Start of Data to examine

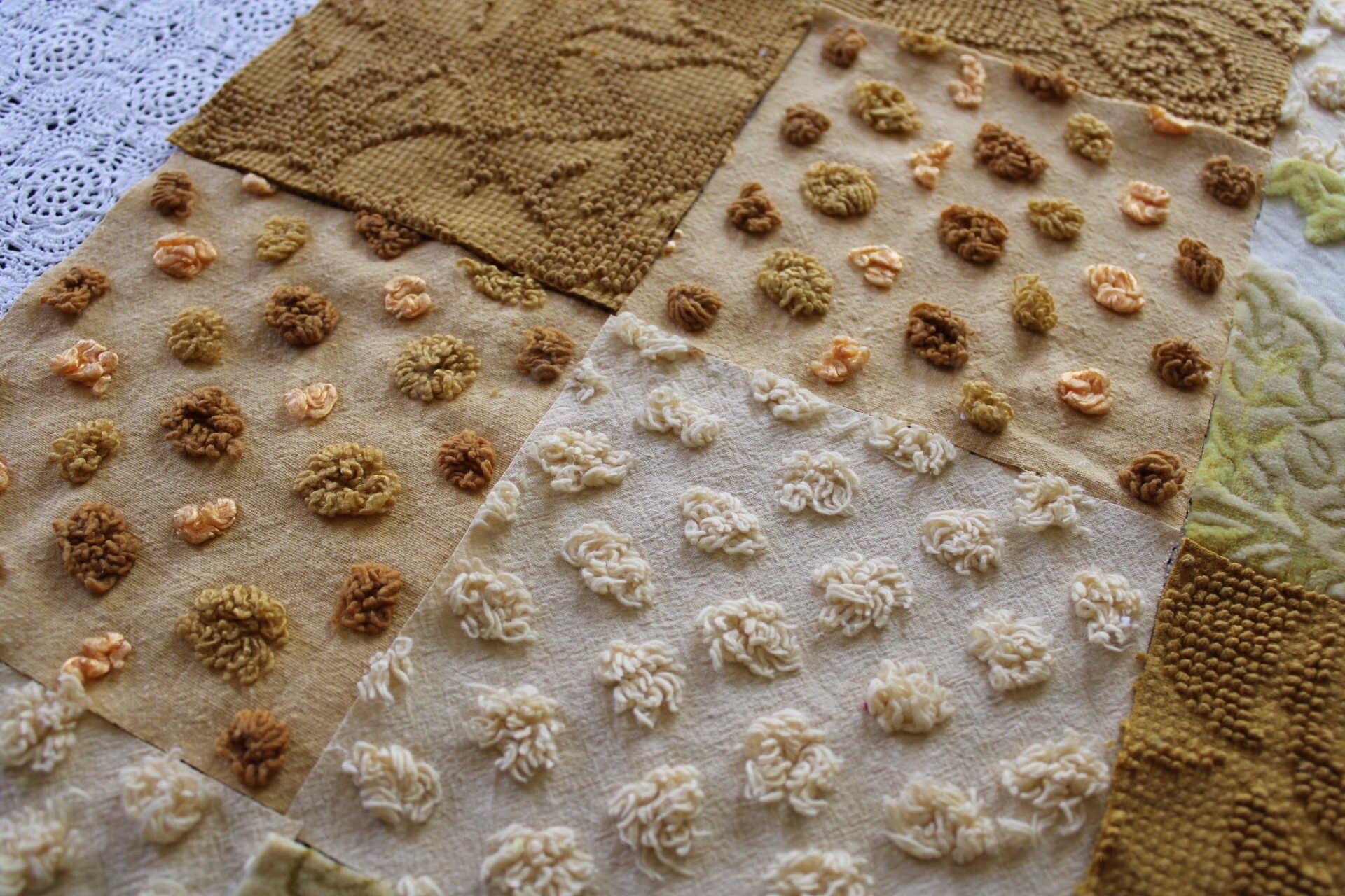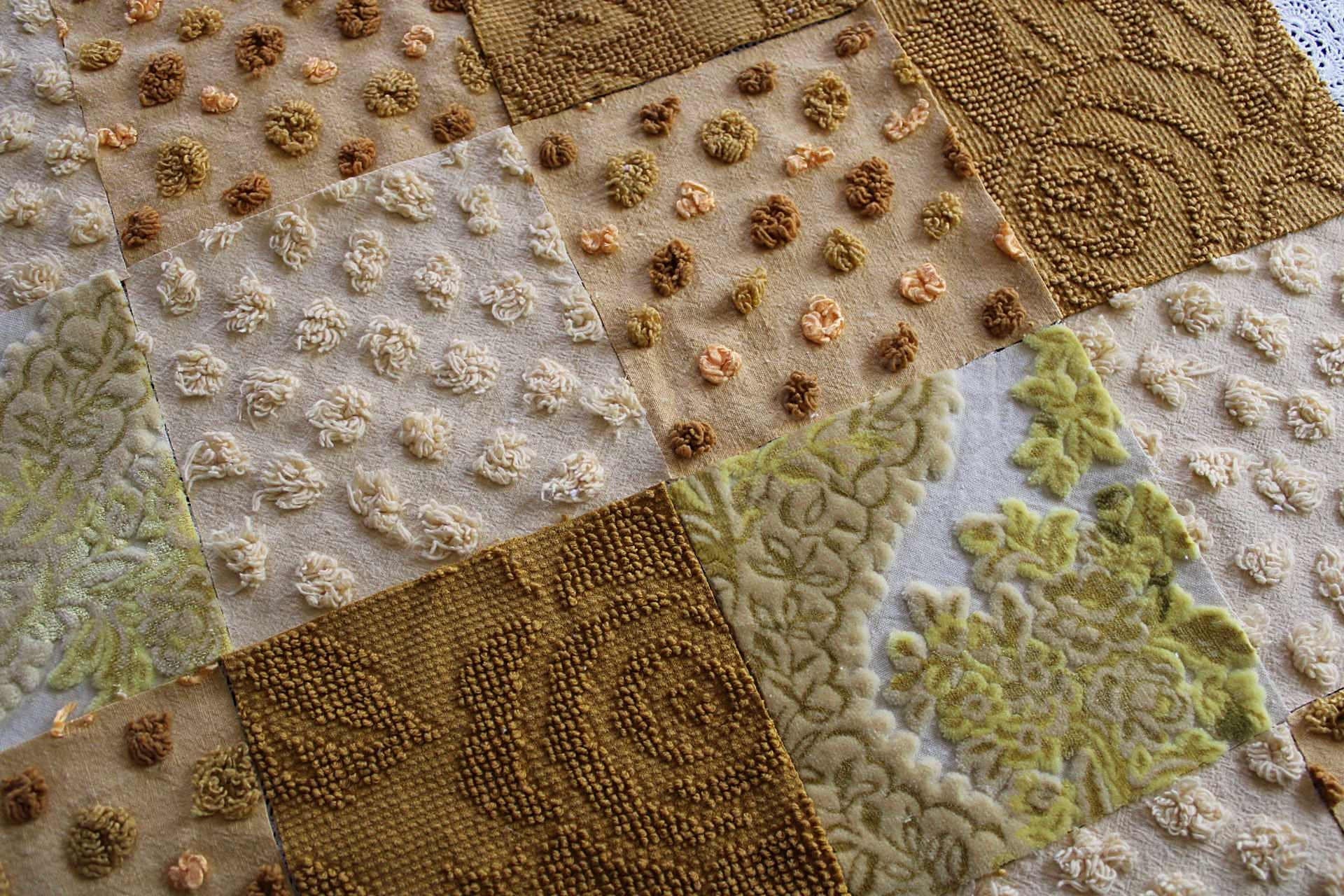 "Hippie Mama" ... Travel back to the retro goodness of long ago with this hippie-themed 16-block set of chenille & velvet quilt squares. Striking luxury Bates cut velvet contrasts with golden puff dots & earthy coppertone pops.::total qty: 16 separate chenille quilt squares
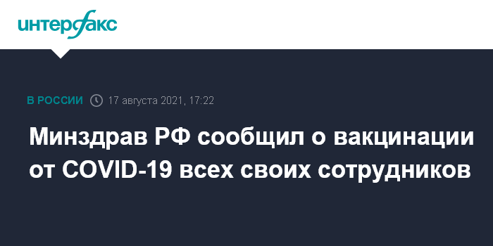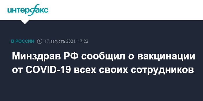 Москва. 17 августа. INTERFAX.RU - Все сотрудники Минздрава РФ, не имеющие медицинских противопоказаний, привиты от новой коронавирусной инфекции, сообщил во вторник "Интерфаксу" помощник министра здравоохранения Алексей Кузнецов.
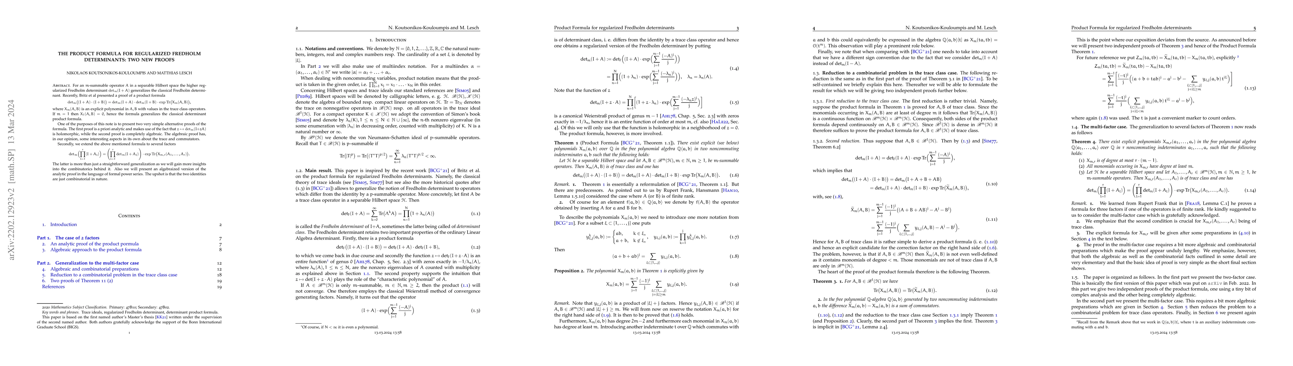 This paper presents two new proofs for the product formula of regularized Fredholm determinants for $m$-summable operators in a separable Hilbert space. It also extends the formula to multiple factors and discusses its combinatorial insights, with one proof being analytic and the other algebraic.
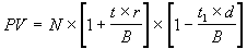 В некоторых случаях, товарные векселя могут выпускаться в виде ценной бумаги с фиксированным доходом, выплачиваемым по ставке r в срок погашения. Современная стоимость такого векселя при учете будет равна:
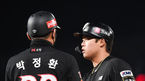 [OSEN=창원,박준형 기자] 20일 오후 창원NC파크에서 '2021 신한은행 SOL KBO 리그' NC 다이노스와 KT 위즈의 경기가 진행됐다.5회초 1사 2루 KT 강백호가 1타점 적시타를 날리고 박정환 코치와 하이파이브를 하고 있다. / soul1014@osen.co.kr
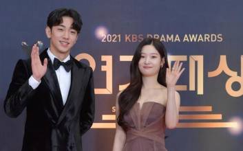 배우 남윤수와 정채연이 31일 밤 서울 여의도 KBS에서 열린 '2021 KBS 연기대상' 레드카펫에 참석해 포즈를 취하고 있다. 김진경 기자 kim.jinkyung@joongang.co,kr/2021.12.31/ / 2021.12.31 19:33

End of Data to examine

■ **Work task**
Do not include images; quote all of the entries above exactly.

■ **Your response**
 "Hippie Mama" ... Travel back to the retro goodness of long ago with this hippie-themed 16-block set of chenille & velvet quilt squares. Striking luxury Bates cut velvet contrasts with golden puff dots & earthy coppertone pops.::total qty: 16 separate chenille quilt squares
 Москва. 17 августа. INTERFAX.RU - Все сотрудники Минздрава РФ, не имеющие медицинских противопоказаний, привиты от новой коронавирусной инфекции, сообщил во вторник "Интерфаксу" помощник министра здравоохранения Алексей Кузнецов.
 This paper presents two new proofs for the product formula of regularized Fredholm determinants for $m$-summable operators in a separable Hilbert space. It also extends the formula to multiple factors and discusses its combinatorial insights, with one proof being analytic and the other algebraic.
 В некоторых случаях, товарные векселя могут выпускаться в виде ценной бумаги с фиксированным доходом, выплачиваемым по ставке r в срок погашения. Современная стоимость такого векселя при учете будет равна:
 [OSEN=창원,박준형 기자] 20일 오후 창원NC파크에서 '2021 신한은행 SOL KBO 리그' NC 다이노스와 KT 위즈의 경기가 진행됐다.5회초 1사 2루 KT 강백호가 1타점 적시타를 날리고 박정환 코치와 하이파이브를 하고 있다. / soul1014@osen.co.kr
 배우 남윤수와 정채연이 31일 밤 서울 여의도 KBS에서 열린 '2021 KBS 연기대상' 레드카펫에 참석해 포즈를 취하고 있다. 김진경 기자 kim.jinkyung@joongang.co,kr/2021.12.31/ / 2021.12.31 19:33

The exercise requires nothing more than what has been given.